Charles Laughton

I few days ago I was re-watching one of my very favourite old movies ‘Hobson’s Choice’ starring Charles Laughton. Laughton originally a Yorshireman born in Scarborough made an impressive career in Hollywood in a number of well regarded movies such as Mutiny on the Bounty and Witness for the Prosecution. He was married to another Hollywood great, Elsa Lanchester who is came to prominence as the Bride of Frankenstein. My watching Hobson’s Choice, promoted YouTube to offer me a selection of pieces by Laughton of which I had previously been unaware and it is these that I wish to share with you.

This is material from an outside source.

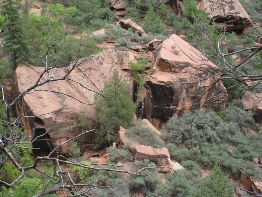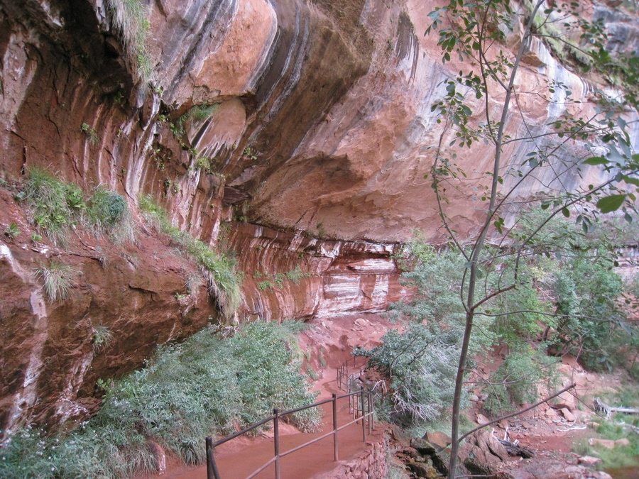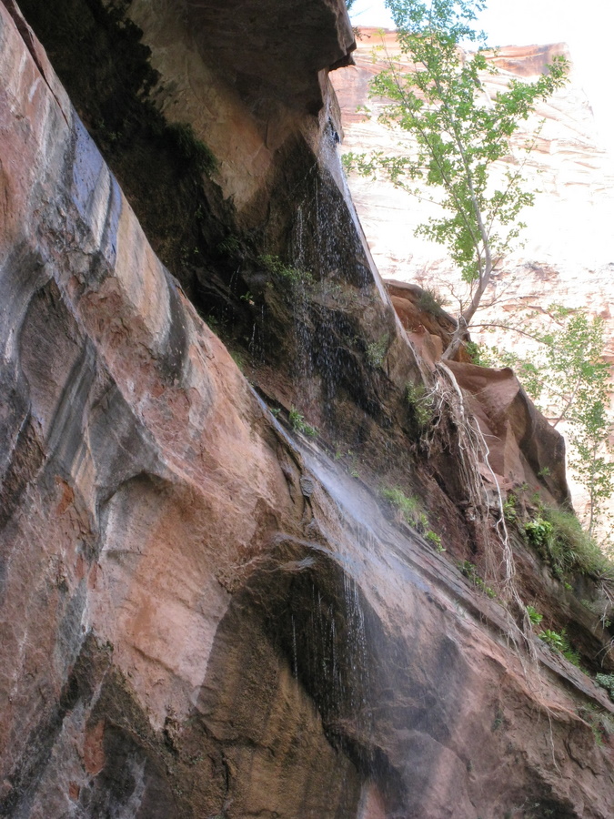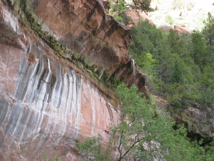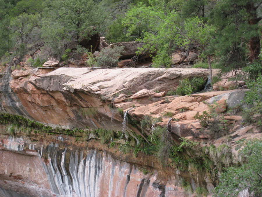 Hans under vandfaldet (Emerald Pools) - eller det der var tilbage her om sommeren. Man kan kun lige ane vandet på billedet

Laughton’s voice, equally capable of a penetrating, theatre-filling shout and a soft, velvety tone, first appeared on 78-rpm records with the release of five British Regal Zonophone 10-inch discs entitled Voice of the Stars issued annually from 1934 to 1938. These featured short soundtrack snippets from the year’s top films. He is heard on all five records in, respectively, The Private Life of Henry VIII, The Barretts of Wimpole Street, Mutiny on the Bounty, I, Claudius (curiously, since this film was unfinished and thus never released), and Vessel of Wrath. In 1937 he recorded Lincoln’s Gettysburg Address on a 10-inch Columbia 78, having made a strong impression with it in Ruggles of Red Gap.

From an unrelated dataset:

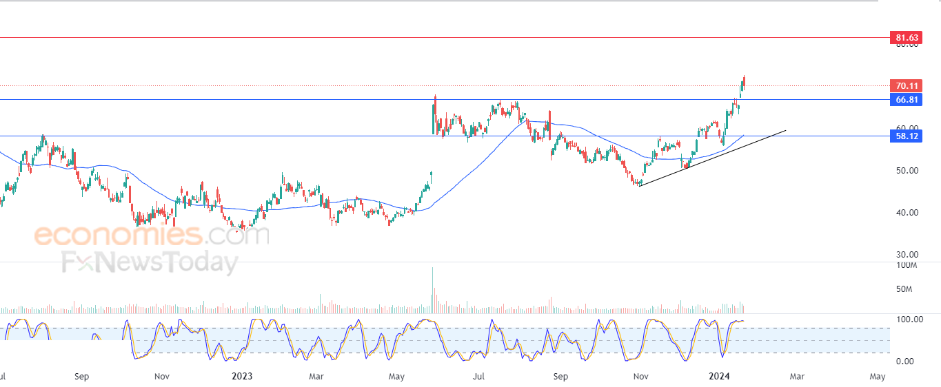 Therefore we expect the stock to return higher, targeting the resistance of 81.60, provided it settles above 66.80.

He made several other spoken-word recordings, one of his most famous being his one-man album of Charles Dickens’ Mr. Pickwick’s Christmas, a twenty-minute version of the Christmas chapter from Dickens’ The Pickwick Papers. It was first released by American Decca in 1944 as a four-record 78-rpm set, but was afterward transferred to LP. It frequently appeared on LP with a companion piece, Decca’s 1941 adaptation of Dickens’s A Christmas Carol, starring Ronald Colman as Scrooge. Both stories were released together on a CD for Christmas 2005.

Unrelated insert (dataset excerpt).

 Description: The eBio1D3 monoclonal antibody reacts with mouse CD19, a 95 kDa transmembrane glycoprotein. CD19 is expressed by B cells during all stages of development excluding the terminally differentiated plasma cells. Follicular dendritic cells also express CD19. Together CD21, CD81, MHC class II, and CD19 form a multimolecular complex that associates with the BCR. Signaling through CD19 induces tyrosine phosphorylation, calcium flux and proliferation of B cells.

In 1943, Laughton recorded a reading of the Nativity story from St. Luke’s Gospel and this was released in 1995 on CD on a Nimbus Records collection entitled Prima Voce: The Spirit of Christmas Past. A Brunswick/American Decca LP entitled Readings from the Bible featured Laughton reading Garden of Eden, The Fiery Furnace, Noah’s Ark, and David and Goliath. It was released in 1958. Laughton had previously included several Bible readings when he played the title role in the film Rembrandt. Laughton also narrated the story on the soundtrack album of the film that he directed, Night of the Hunter, accompanied by the film’s score. This album has also been released on CD. Also, and derived from the film they made together, a complete radio show in June 1945 of The Canterville Ghost was broadcast which featured Laughton and Margaret O’Brien. It has been issued on a Pelican LP.

A two-LP Capitol Records album was released in 1962, the year of Laughton’s death, entitled The Story Teller: A Session with Charles Laughton. Taken from Laughton’s one-man stage shows, it compiles dramatic readings from several sources. Three of the excerpts are broadcast annually on a Minnesota Public Radio Thanksgiving program entitled Giving Thanks. The Story Teller won a Grammy in 1962 for Best Spoken Word Recording. Although the album has yet to be released on compact disc, it can now be heard in its entirety online.